Donald Rumsfeld was no stranger to controversy, and that remains the case even in death, with debates raging over his legacy. Four takes:

  • A 'patriot': "[We] learned a great deal listening to him," writes the editorial board at the Wall Street Journal, describing Rumsfeld as "a patriot willing to challenge recalcitrant bureaucracies, which we need more of today." The editorial says the senior adviser to three presidents "was most controversial during his second stint as Defense secretary in managing the wars in Iraq and Afghanistan." But he helped the military achieve its goals, failing only when "he underestimated the strength and nature of the insurgency in Iraq" and did not change strategy.
  • Worst ever? He was "the worst secretary of defense in American history," worse even than Robert McNamara, who oversaw the escalation of the Vietnam War, writes the Atlantic's George Packer. "The chief advocate of every disaster in the years after September 11" reportedly suggested hitting Saddam Hussein within hours of the 9/11 attacks, relied on intelligence obtained through torture, and "insisted on keeping the number of US troops in Iraq so low that much of the country soon fell to the insurgency," Packer writes. "His fatal judgment was equaled only by his absolute self-assurance." And "unlike McNamara, he never expressed a quiver of regret."
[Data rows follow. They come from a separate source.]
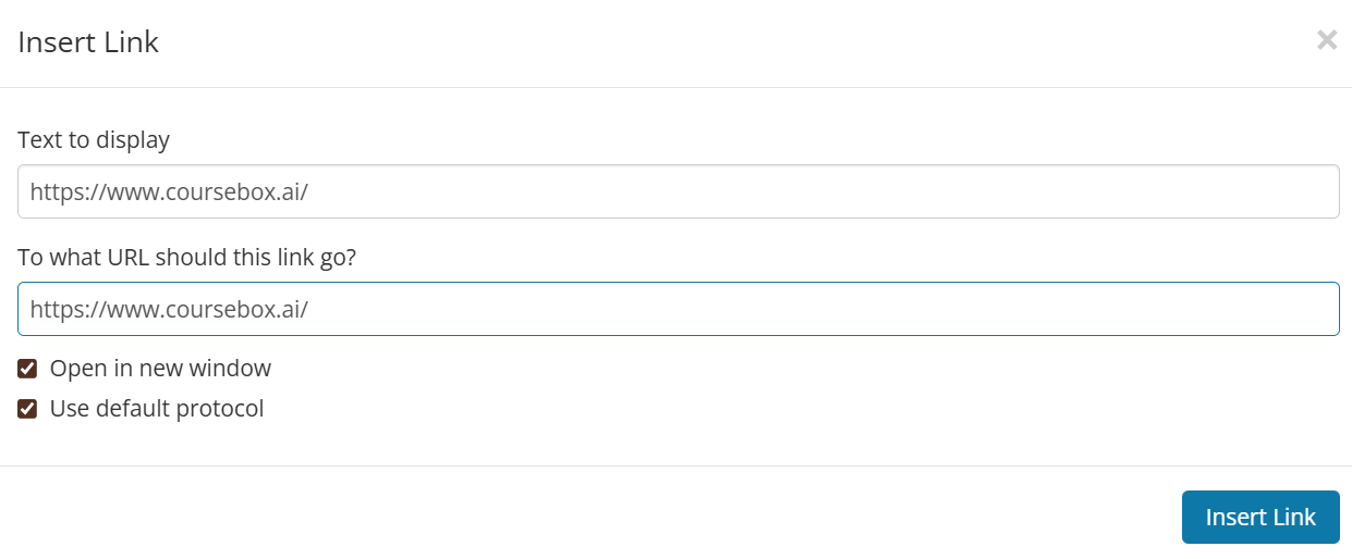 To what URL should this link go?: Paste your web address (e.g., https://www.coursebox.ai/).
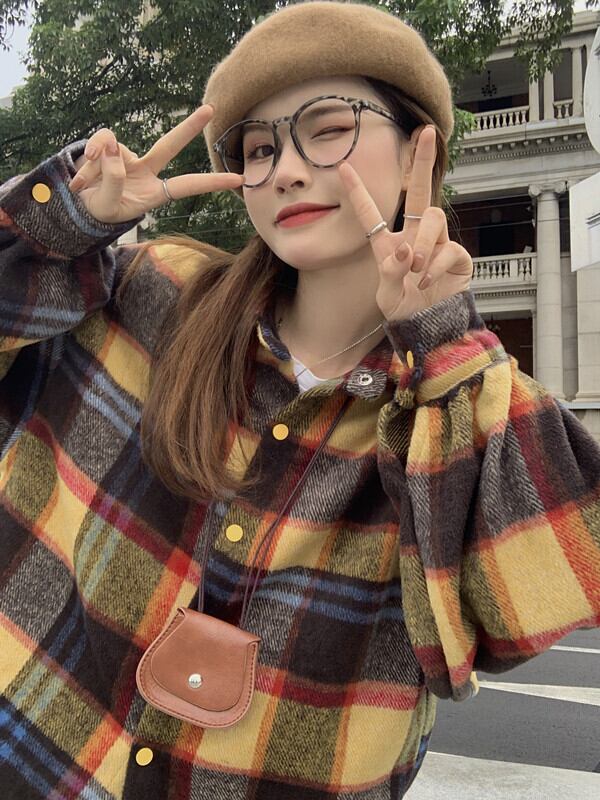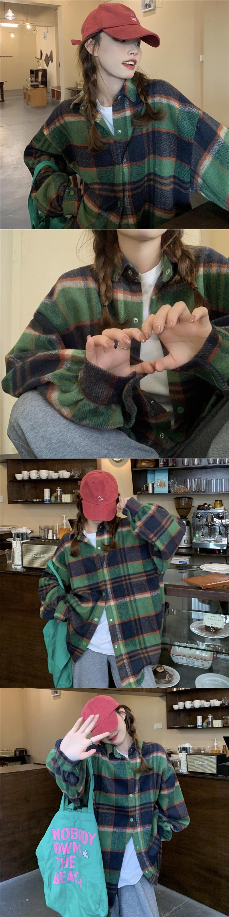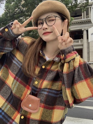 スプリングオータム格子柄シャツ ジャケット スタンダードスタイル レトロ 春物 秋物 スーパーモール78050696616
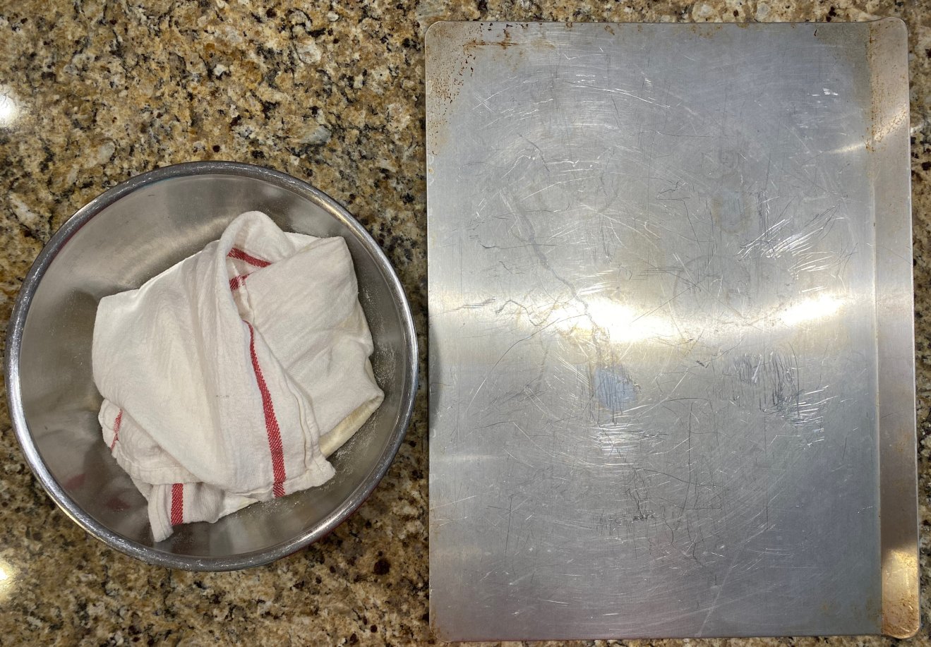 This recipe is identical to the original Jim Lahey one that can still be found on the NYT website behind a paywall. A copy can found here though. I’m repeating the steps verbatim up until the baking part where we will be replacing the pre-heated dutch oven with room temperature cookie sheets and metal bowls. Why?
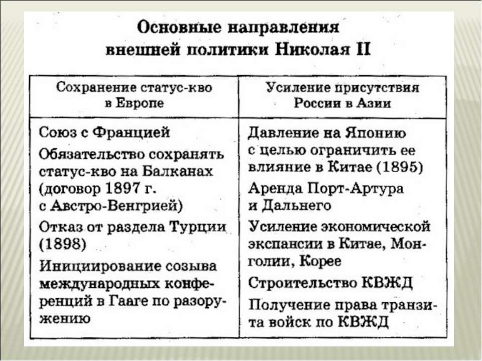 Во внутренней политике правительство Николая последовательно боролось с любыми проявлениями общественной жизни и свободомыслия. «Маленькой победоносной войной» окружение Николая надеялось разрешить внутренние проблемы. Однако поражения от японцев под Порт-Артуром, Ляоляном, Цусимой вызвали всеобщее недовольство и ускорили революцию. В цепи неудач и бедствий царствования Николая роковую роль сыграла Первая мировая война. Урок, извлеченный из военного поражения от Японии, убеждал – война может породить новую революцию. И как в итоге, привело к падению монархии и гражданской войне в России.

  • A 'killer': Spencer Ackerman at the Daily Beast is equally blunt, calling Rumsfeld a "killer of 400,000 people," based on estimates of dead from the wars in Iraq and Afghanistan. "The only thing tragic about the death of Donald Rumsfeld is that it didn't occur in an Iraqi prison," he adds, noting Rumsfeld's refusal to facilitate a Taliban surrender in Afghanistan in December 2001 ultimately "reaped a 20-year war." He'll be remembered "in infamy" for his "indifference to the suffering of others," "the unreality he inhabited and the lies he told as easily as he breathed," Ackerman concludes.
  • A 'curse': Rumsfeld's friend and former chief speechwriter Matt Latimer acknowledges the "grave consequences" of the Iraq War, Rumsfeld's "last major act on the public stage." "But to see him only through this lens is a disservice to him," he writes at Politico, crediting his former boss with righting the ship after Watergate and hurrying the end of the Cold War. He also "helped a loved one cope with crippling drug addiction while simultaneously managing a war," Latimer writes. His "curse" was that "he was known as such a strategic thinker and hard charging manager" that "people assumed he was responsible for everything."